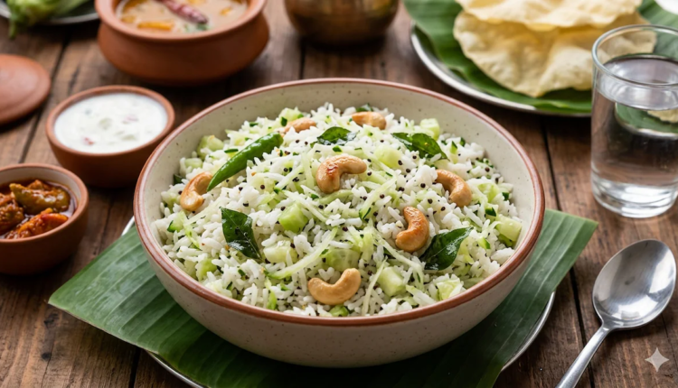 Cucumber Rice is refreshing, hydrating, and quick to make, coming together in just 15 minutes. This makes it a perfect choice for hot summer days. In this recipe, cooked rice is mixed with grated cucumber and a flavourful tadka made with onions, curry leaves, mustard seeds, peanuts, and chana dal (split Bengal gram). Roasted cashews are added for a pleasant crunch, while fresh green coriander leaves enhance the flavour. Some people also like to add freshly grated coconut for extra freshness. To make sure the rice doesn’t turn soggy, always squeeze out the excess water from the grated cucumber before mixing it in. Serve this warm dish with raita for a comforting and wholesome meal. It works well for lunch and is also a great option for your office tiffin.
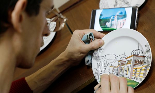 He has finished painting a view of the gallery and is now working on a piece dedicated to poet Alexander Pushkin, after whom the gallery is named and whose sculpture features as a centrepiece of its main exhibition.
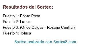 Lista de participantes: Lanus, Toluca, (Once Caldas - Rosario Central), Ponte Preta.
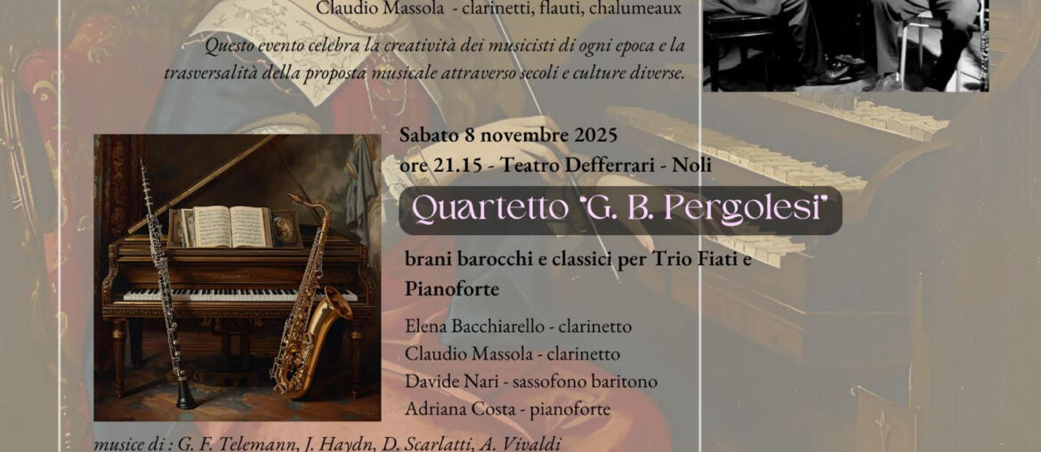 Per celebrare S. Cecilia, patrona dei musicisti, l’Associazione Filarmonica Amici dell’Arte di Noli, Teatro Defferrari, Associazione G.B.Pergolesi di Vallecrosia e…
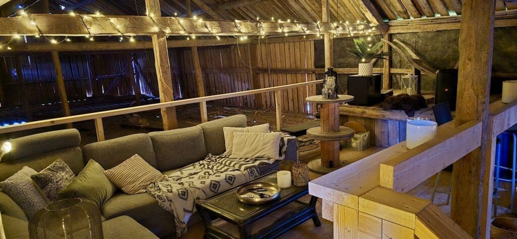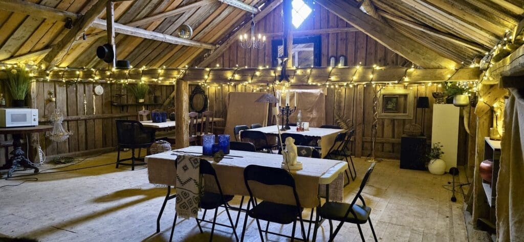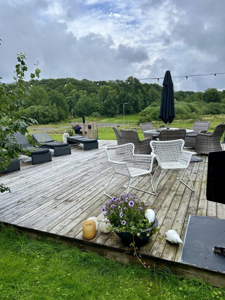 In summer 2024 the bathrooms are being renovated so there are no toilets but there is an outdoor shower. It's right next to the wooden deck where you can sunbathe in the deck chairs or light a fire depending on the weather. If the weather is really bad, you can instead hang out indoors on top of the stables where there is a kitchen, dining room and sofa corner with TV.
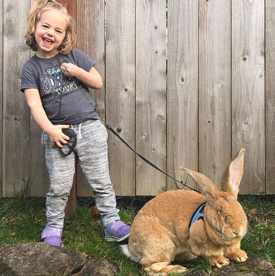 Lindsay, su dueña, fue quien adquirió al animal con el fin de regalárselo a su hija Macy por su cumpleaños. “Hicimos un poco de investigación y encontramos esta raza de conejos gigantes, que son muy buenos con los niños. Supuestamente son calmados y dóciles, pero no teníamos idea en lo que nos estábamos metiendo“, contó.
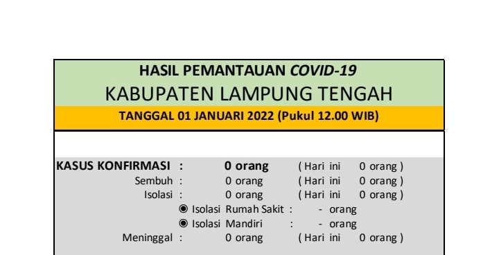 HASIL PEMANTAUAN COVID-19 KABUPATEN LAMPUNG TENGAH : Tanggal 01 Januari 2022
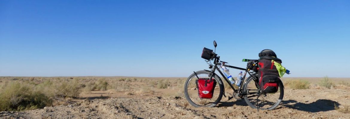 The Kyzyl Kum (Uzbek: Qizilqum, Kazakh: Қызылқұм), also called Qyzylqum, is the 16th largest desert in the world. Its name means Red Sand in Turkic languages. It is located in Central Asia in the doab between the rivers Amu Darya and Syr Darya, and is divided between Kazakhstan, Uzbekistan and (partly) Turkmenistan. It covers about 298,000 km2Es ist kühl am heutigen Morgen als ich die Stadt Khiva verlasse. Die nächsten drei Tage sollen mich, immer entlang der Seidenstrasse, durch die Kyzyl-Kum-Wüste nach Bukhara bringen.

────

#### [Exercise goal]
Reproduce the data word for word, excluding its pictures.

#### [Response for this exercise]
 Cucumber Rice is refreshing, hydrating, and quick to make, coming together in just 15 minutes. This makes it a perfect choice for hot summer days. In this recipe, cooked rice is mixed with grated cucumber and a flavourful tadka made with onions, curry leaves, mustard seeds, peanuts, and chana dal (split Bengal gram). Roasted cashews are added for a pleasant crunch, while fresh green coriander leaves enhance the flavour. Some people also like to add freshly grated coconut for extra freshness. To make sure the rice doesn’t turn soggy, always squeeze out the excess water from the grated cucumber before mixing it in. Serve this warm dish with raita for a comforting and wholesome meal. It works well for lunch and is also a great option for your office tiffin.
 He has finished painting a view of the gallery and is now working on a piece dedicated to poet Alexander Pushkin, after whom the gallery is named and whose sculpture features as a centrepiece of its main exhibition.
 Lista de participantes: Lanus, Toluca, (Once Caldas - Rosario Central), Ponte Preta.
 Per celebrare S. Cecilia, patrona dei musicisti, l’Associazione Filarmonica Amici dell’Arte di Noli, Teatro Defferrari, Associazione G.B.Pergolesi di Vallecrosia e…
 In summer 2024 the bathrooms are being renovated so there are no toilets but there is an outdoor shower. It's right next to the wooden deck where you can sunbathe in the deck chairs or light a fire depending on the weather. If the weather is really bad, you can instead hang out indoors on top of the stables where there is a kitchen, dining room and sofa corner with TV.
 Lindsay, su dueña, fue quien adquirió al animal con el fin de regalárselo a su hija Macy por su cumpleaños. “Hicimos un poco de investigación y encontramos esta raza de conejos gigantes, que son muy buenos con los niños. Supuestamente son calmados y dóciles, pero no teníamos idea en lo que nos estábamos metiendo“, contó.
 HASIL PEMANTAUAN COVID-19 KABUPATEN LAMPUNG TENGAH : Tanggal 01 Januari 2022
 The Kyzyl Kum (Uzbek: Qizilqum, Kazakh: Қызылқұм), also called Qyzylqum, is the 16th largest desert in the world. Its name means Red Sand in Turkic languages. It is located in Central Asia in the doab between the rivers Amu Darya and Syr Darya, and is divided between Kazakhstan, Uzbekistan and (partly) Turkmenistan. It covers about 298,000 km2Es ist kühl am heutigen Morgen als ich die Stadt Khiva verlasse. Die nächsten drei Tage sollen mich, immer entlang der Seidenstrasse, durch die Kyzyl-Kum-Wüste nach Bukhara bringen.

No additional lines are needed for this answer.